The Truth and the Myth of Parental Alienation - The Good Men Project

There’s a change in the air, a shift rippling across the planet changing the way individuals, courts and law enforcement agencies view and respond to domestic abuse.

Finally, blinkers are falling from eyes and people are starting to understand that domestic violence is not primarily about physical assaults.

First and foremost it’s about entitlement and control.

Across the world laws are slowly changing. Scotland has delivered the current gold standard in criminalizing coercive control. England and Wales have also made legislative changes towards criminalizing this insidious but poorly understood abuse.

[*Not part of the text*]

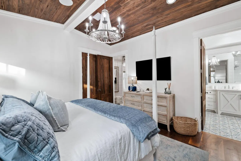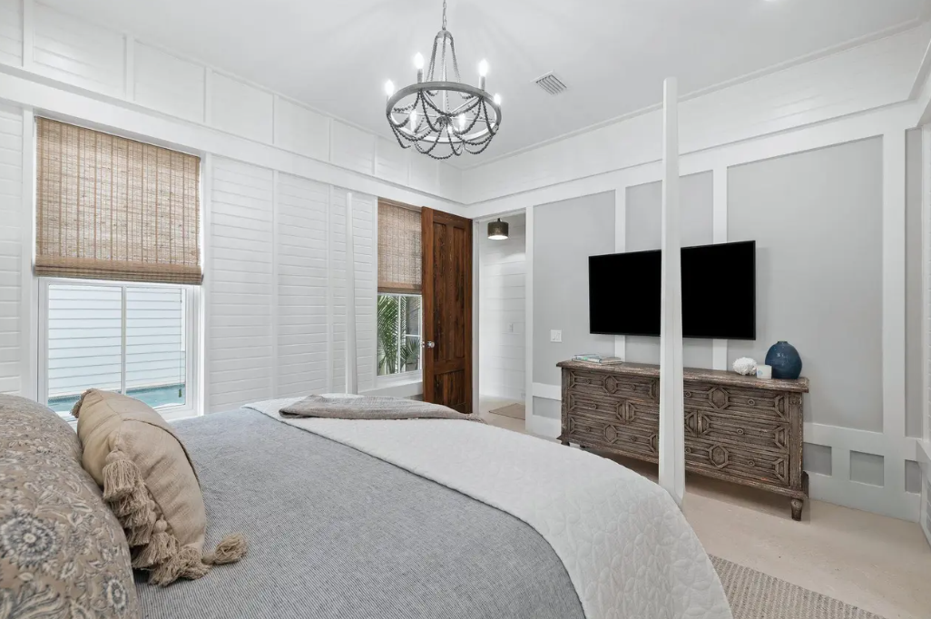 Enjoy a private pool with attached spa, multiple indoor and outdoor living spaces, a chef’s kitchen, and a rooftop deck perfect for sunset lounging. Designer décor, curated furnishings, and thoughtful touches throughout make this home ideal for families and groups seeking an elevated beach getaway.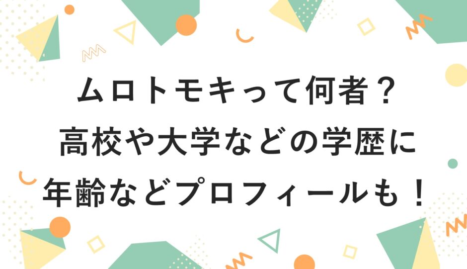 なんて気になるアナタのために、ムロトモキさんがいったい何者なのか、学歴や年齢などプロフィールも詳しく調べてまとめました!

But we have a very long way to go. Whilst as a lawyer and survivor, I support a legislative response, I believe that education and empowering survivors to talk about their experiences is the primary key to change.

Because when I was entrapped in the web of control and abuse, I believed I was the only one. I had no idea that women everywhere are stuck in similar prisons, carefully planning each word, each move, so as to not trigger their partner’s wrath. Asking permission before meeting a friend for coffee, buying a dress or calling her mother.

And despite how proficient she has become at tiptoeing on eggshells, she is finding that she is putting a foot wrong with increasing regularity, like I was. Today women all over the world are imprisoned, with seemingly no prospect of parole, and the man that promised to love and protect them is their judge, jailer and sometimes, executioner.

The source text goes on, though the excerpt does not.